Молча стоял Сиддхартха под отвесными лучами палящего солнца, сгорая от боли, сгорая от жажды, стоял, пока не утратилось и чувство боли, и чувство жажды. Молча стоял он в сезон дождей, вода текла с его волос на зябнущие плечи, струилась по зябнущим бедрам и голеням, пока плечи и бедра не перестали зябнуть, пока не умолкли, пока не утихли. Молча сидел он на корточках в колючих дебрях, горящая кожа сочилась кровью, нарывы – гноем, а Сиддхартха не шевелился, пока не перестала течь кровь, пока не перестали жалиться колючки, пока не унялось жженье.
Сиддхартха сидел прямой, как свеча, и учился беречь дыхание, учился обходиться малой толикой дыхания, учился останавливать дыхание. Он учился, начавши с дыхания, успокаивать биенье сердца, учился уменьшать частоту ударов сердца, пока не становились они редкими и не умолкали почти совсем.
Под руководительством старейшего из аскетов постигал Сиддхартха освобождение от самости, предавался медитации по новым, аскетическим предписаниям. Цапля пролетала над бамбуковым лесом – и Сиддхартха принимал цаплю в свою душу, летал над лесами и горами, был цаплей, поедал рыбу, голодал цаплиным голодом, кричал цаплиным криком, умирал цаплиной смертью. Дохлый шакал валялся на песчаном берегу, и душа Сиддхартхи скользнула в это мертвое тело, и стала дохлым шакалом, и валялась на берегу, раздуваясь, смердя, истлевая, гиены разорвали ее на куски, стервятники содрали с нее кожу, и она обратилась в остов, обратилась в прах, развеялась по ветру. И душа Сиддхартхи возвращалась, умирала, истлевала, развеивалась прахом, вкушала мрачный хмель круговорота бытия, нетерпеливо, снедаемая новой жаждой, словно охотник, ждала щелки, через которую можно вырваться из круговорота, туда, где конец всех причин, где начинается безмятежная вечность. Он умерщвлял свои чувства, умерщвлял свою память, переселялся из своего «я» в тысячи чужих обличий, был зверем, был падалью, был камнем, древесиной, водою и, пробуждаясь, всякий раз обретал себя, под солнцем или под луной, опять был «я», вращался в круговороте, испытывал жажду, преодолевал жажду, испытывал жажду вновь.
Многому научился Сиддхартха у саманов, многими путями научился он уходить от «я». Он шел по пути освобождения от самости через боль, через добровольное ощущение боли, голода, жажды, усталости.
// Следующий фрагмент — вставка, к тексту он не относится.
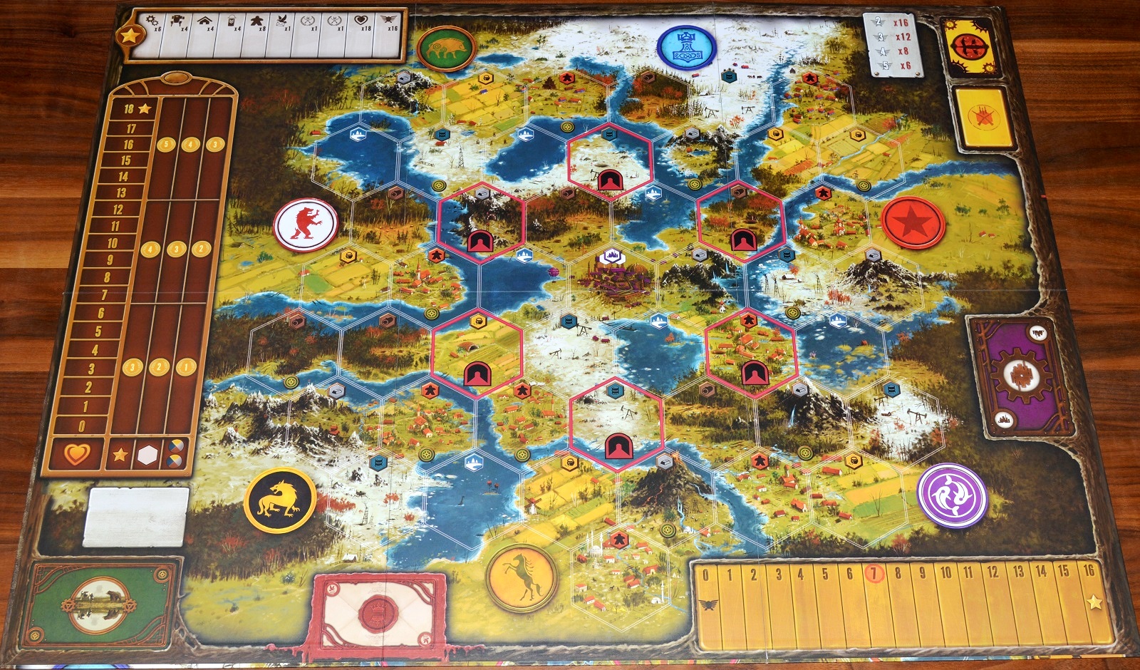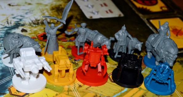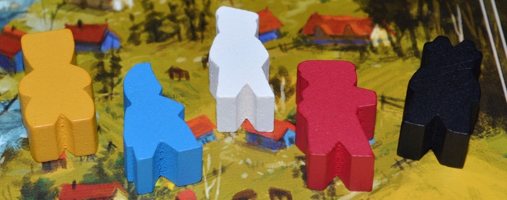 Как заявил автор, фишки рабочих, выполненные из дерева (забавно, что каждой фракции соответствует свой головной убор), подчёркивают контраст мира Scythe, в котором сосуществуют громадные железяки-роботы и обычные крестьяне. Не знаю, отмазка ли это на то, что издатель сэкономил на миниатюрках крестьян, но, согласитесь, объяснение красивое. Посмотрим, будет ли это бросаться в глаза во время партии.

Он шел по пути освобождения от самости через медитацию, через опустошение разума от всех представлений. Он научился идти этими и разными иными путями, тысячи раз покидая свое «я», часами и целыми днями пребывая в не-«я». Но хотя и уводили эти пути от «я», в конце они всегда вновь к нему же возвращались. Тысячи раз Сиддхартха ускользал из «я», находился в Ничто, находился в звере, в камне – неминуемо было возвращенье, неизбежен час, когда он обретал себя, под солнцем или под луной, в тени или под дождем, и вновь становился «я», становился Сиддхартхой, и вновь терзался неотвратимостью круговорота.
Рядом с ним как бы тенью его жил Говинда, шел почти теми же путями, подвергал себя тем же тяготам. И разговоры их редко касались предметов, не связанных со служением и ученичеством. Порой они вдвоем бродили по деревням, выпрашивая пропитание для себя и своих наставников.
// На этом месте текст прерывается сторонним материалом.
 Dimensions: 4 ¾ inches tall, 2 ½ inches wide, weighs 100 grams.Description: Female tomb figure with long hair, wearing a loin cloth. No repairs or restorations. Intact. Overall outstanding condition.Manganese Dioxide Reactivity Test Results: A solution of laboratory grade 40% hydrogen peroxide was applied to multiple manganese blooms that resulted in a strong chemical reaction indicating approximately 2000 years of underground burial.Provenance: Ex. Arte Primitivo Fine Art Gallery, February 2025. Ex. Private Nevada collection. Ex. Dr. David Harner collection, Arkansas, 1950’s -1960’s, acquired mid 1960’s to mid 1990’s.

– Как ты думаешь, Говинда, – сказал в один из таких дней Сиддхартха, – как ты думаешь, мы продвинулись вперед? Достигли каких-то целей?
И Говинда ответил:
– Мы учились и продолжаем учиться. Ты будешь великим саманой, Сиддхартха. Как быстро ты усваивал всякое упражнение, старики аскеты часто восхищались тобой. Когда-нибудь ты станешь святым, о Сиддхартха.
И молвил Сиддхартха:
– А вот мне так не кажется, друг мой. Все, чему я до сего дня выучился у саманов, я мог бы выучить быстрее и проще – в любом кабаке веселого квартала, друг мой, среди возчиков и игроков в кости.
И сказал Говинда:
– Сиддхартха смеется надо мной. Как бы мог ты научиться медитации, сдерживанию дыхания, невосприимчивости к голоду и боли там, у этих жалких существ?
И Сиддхартха произнес тихо, будто обращаясь к самому себе:
– Что есть медитация? Что есть выход из телесной оболочки? Что есть пост? Что – сдерживанье дыхания? Бегство от «я», краткий уход от мук «я»-бытия, краткое забвенье боли и нелепости жизни. Точно так же погонщик быков бежит от жизни, находит краткое забвенье в пивной, осушив несколько чарок рисовой водки или кокосовой браги. Тогда он не ощущает уже своей самости, не испытывает жизненной боли, тогда ненадолго приходит к нему забвенье. Уснув над чаркой рисовой водки, он обретает то же, что обретают Сиддхартха и Говинда, когда после долгих радений покидают свою телесную оболочку, пребывая в не-«я». Вот так-то, о Говинда.
На это молвил Говинда:
– Так ты говоришь, о друг мой, а все же сознаешь, что Сиддхартха не погонщик быков и самана не выпивоха. Пьяница хотя и обретает забвенье, хотя и уходит ненадолго от жизни, давая себе роздых, однако ж он, очнувшись от грез, обнаруживает, что все осталось по-прежнему, и не становится мудрее, не пополняет копилку знания, не восходит вверх по ступеням.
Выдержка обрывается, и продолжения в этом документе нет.